Previously, the state paid her PCAs $10.50 an hour, which, with taxes, came to $11.66 an hour. The hourly wages were charged toward the $5,800 a month she receives from the state to care for her loved one.

At this point she has been told the hourly rate will increase, but she has not been told whether she will see her monthly stipend increased, so she is unsure if she will be able to continue to care for her loved one outside an institutional setting.

Cathy Ludlum, who has raised concerns about the unionization of PCAs since the state announced its decision to allow SEIU 1199 to pursue the cause, said it is still unclear how the state intends to stay under the mandated caps for the amount of money paid to those who receive home care.

Ludlum has spinal muscular atrophy, and she fought for her PCA’s right to refuse unionization. She, and others who receive state money, were promised their level of care would not be affected by the pay increases for their PCAs.

A letter from the PCA Council to consumers on March 28, 2014, tried to explain how the clients who receive these services would not be impacted by the decision to increase payment.

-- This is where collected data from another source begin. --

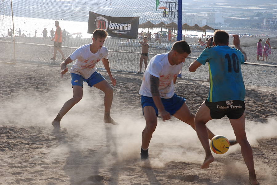 Antes, en semifinales, Cafetería El Torreón había eliminado a Semilleros los Crespos derrotándolo desde la tanda de penaltis, después de que el partido concluyese con empate a 3; mientras que Mena CF había hecho lo propio ante Los Vinilos por un resultado de 3-4. El torneo ha tenido como gran novedad e iniciativa local un partido de exhibición entre equipos de categorías de cantera del municipio de Adra, que ha servido como antesala a las semifinales y en el que un grupo de más de una veintena de chavales han podido disfrutar del espectáculo del fútbol en la playa.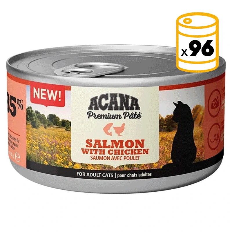 ACANA Premium Paté Salmon Recipe è un alimento umido di alta qualità progettato per gatti di tutte le età. Questa ricetta è arricchita con salmone fresco del Pacifico e contiene un 80% di carne e un 10% di verdure, offrendo un pasto nutriente ed equilibrato per il tuo amico felino. Ogni porzione contiene nutrienti essenziali come proteine, grassi e aminoacidi essenziali, oltre a fibre alimentari per favorire una digestione sana. ACANA Premium Paté Salmon Recipe è senza cereali, glutine, grani, sottoprodotti di origine animale e ingredienti artificiali. Ciò significa che offre un pasto sano per il tuo gatto con un sapore delizioso.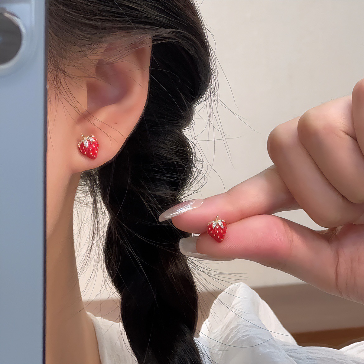 新年の赤いミニイチゴのピアスが精巧で、ピアスを外して寝ます。ピアスを外しなくてもいいです。

“The public act requires the State to maintain the service levels that consumers receive and to appropriate funds to support the collective bargaining agreement if it is approved,” the letter reads. “There is a specific consumer rights provision in the collective bargaining agreement that protects your rights with regard to the employment of individuals who support you or your family members.” 

Despite Republican efforts to increase PCA pay without resorting to unionization, and despite the concerns raised by the groups who receive the care, the labor-dominated legislature pushed the matter through in 2012.

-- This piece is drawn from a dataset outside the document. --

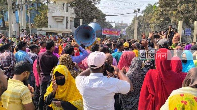 আশুলিয়ায় বকেয়া বেতনের দাবিতে দ্বিতীয় দিনের মতো শ্রমিকদের নবীনগর-চন্দ্রা মহাসড়ক অবরোধ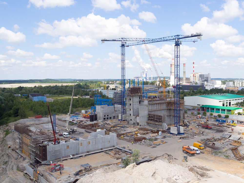 Najważniejszym obiektem spalarni jest bunkier, którego część podziemna ma wysokość ponad 12 m a nadziemna blisko 33 m. Płytę fundamentową obiektu wykonano z wykorzystaniem lekkiego systemu COMAIN. Najniżej położone ściany jednostronne bunkra o wysokości 2,65 m wznoszono z zastosowaniem kozłów oporowych w systemie MK w rozstawie co 1,35 m i deskowania uniwersalnego DSD 12/20 o wysokości 2,70 m. Wyższe ściany obiektu realizowano za pomocą wsporników wznoszących BMK o szerokości 3,60 - 4,8 m, na których ustawiono deskowanie ORMA o wysokości 5,4 m (zestaw 2 x 2,70 m). Do wykonania klatki ewakuacyjnej bunkra o wysokości blisko 45 m zastosowano pomosty zapadkowe KSP z deskowaniem ORMA o wysokości 5,40 m. W jednej ze ścian bunkra znajduje się wlot odpadów, którego skośne ściany wykonano w deskowaniu ORMA podpartym na podporach stropowych ułożonych prostopadle do płaszczyzny skosu. Następnie wykonano konstrukcję wsporczą z rygli MK i podpór E zakotwioną w płycie skosu, której zadaniem było przejście z płaszczyzny skosu (45 stopni) do płaszczyzny poziomej, na której posadowiono wieże T-60 stanowiące podparcie dla ściany tarczy wykonywanej powyżej. Deskowanie tarcz o długości 25 m i wysokości od 14 do 18 m, odchodzących prostopadle od krótszej ściany bunkra (15,6 m) oraz deskowanie stropu przylegającego do tarcz, zaprojektowane w systemie ENKOFLEX, oparto na wieżach T-60 o wysokości od 13 do 18 m. Natomiast do podparcia deskowania tarczy i stropów przy bunkrze od strony kotłowni, ze względu na wykonywaną równolegle konstrukcję stalową montowaną pod stropem, przewidziano indywidualną konstrukcję wsporczą z wież MK-360 o maksymalnej wysokości 11,5 m oraz 4 kratownic z rygli MK o wysokości 2,5 m i rozpiętości w świetle podpór 12,5 m. Na kratownicach ułożono kilka rusztów z belek stalowych (HEB 300, HEB 320 i HEB 400), które mają za zadanie przekazywać obciążenie od stropu i tarczy (4,5 m) rozkładając je równomiernie poprzez kratownice na każdą z 4 wież MK.

All along, Ludlum and other advocates who fought the forced unionization said they didn’t oppose workers’ right to unionize, but what they did oppose was forcing individual PCAs to pay union dues or agency fees even if they did not want to join the union.

Under Harris v. Quinn, which was handed down at the end of June, the court found PCAs are different than other state employees because of their relationship to their employers — the populations who receive money from the state to pay them — so they cannot be forced to join a union or pay union dues.

Under Connecticut law, no one who works in a unionized workplace can opt-out of union membership. Half of the states have adopted “Right to Work” laws, which recognize an individual’s right to freedom of association, meaning the right to decide whether to belong to a union.

Here, people who don’t want to pay union dues or support the union cause can only opt-out of the political portion of their dues. They still have to pay agency fees to a union regardless of their preference under the assumption that because the union is negotiating on their behalf, they have to support it.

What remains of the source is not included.